> **INSTRUCTIONS FOR THE TASK**
Reproduce the records below exactly as they appear, omitting any pictures they contain.

┌──

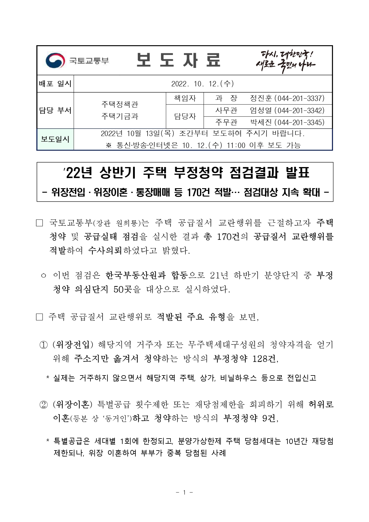 국토교통부(장관 원희룡)는 주택 공급질서 교란행위를 근절하고자 주택 청약 및 공급실태 점검을 실시했다. 그 결과 총 170건의 공급질서 교란행위를 적발하여 수사의뢰하였다고 밝혔다.
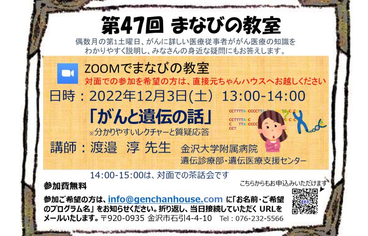 6月18日第46回金沢がん哲学外来【オンライン】
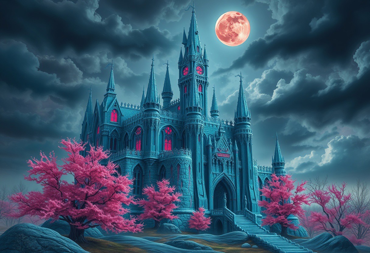 castle, living crystal castle, blue flesh with pink veins, detailed , hr giger, lovecraft, pink trees, blood moon, dark clouds,
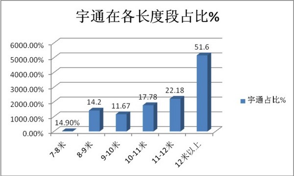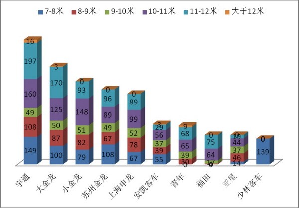 特点三、宇通在除去9-10米外的各长度段销量中,均处于霸主地位从上面统计分析可以看出:
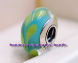 925 Sterling Silver Handmade Bead Aqua / Green Swirly Swirl Murano Glass Charm
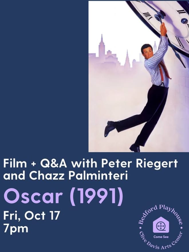 Chazz Palminteri (A Bronx Tale) and Peter Riegert (Animal House) drop by Bedford Playhouse this Friday night for a special screening of the 1991 cult-classic comedy Oscar followed by a Q&A.

└──

> **RESPONSE TO THIS TASK**
 국토교통부(장관 원희룡)는 주택 공급질서 교란행위를 근절하고자 주택 청약 및 공급실태 점검을 실시했다. 그 결과 총 170건의 공급질서 교란행위를 적발하여 수사의뢰하였다고 밝혔다.
 6月18日第46回金沢がん哲学外来【オンライン】
 castle, living crystal castle, blue flesh with pink veins, detailed , hr giger, lovecraft, pink trees, blood moon, dark clouds,
 特点三、宇通在除去9-10米外的各长度段销量中,均处于霸主地位从上面统计分析可以看出:
 925 Sterling Silver Handmade Bead Aqua / Green Swirly Swirl Murano Glass Charm
 Chazz Palminteri (A Bronx Tale) and Peter Riegert (Animal House) drop by Bedford Playhouse this Friday night for a special screening of the 1991 cult-classic comedy Oscar followed by a Q&A.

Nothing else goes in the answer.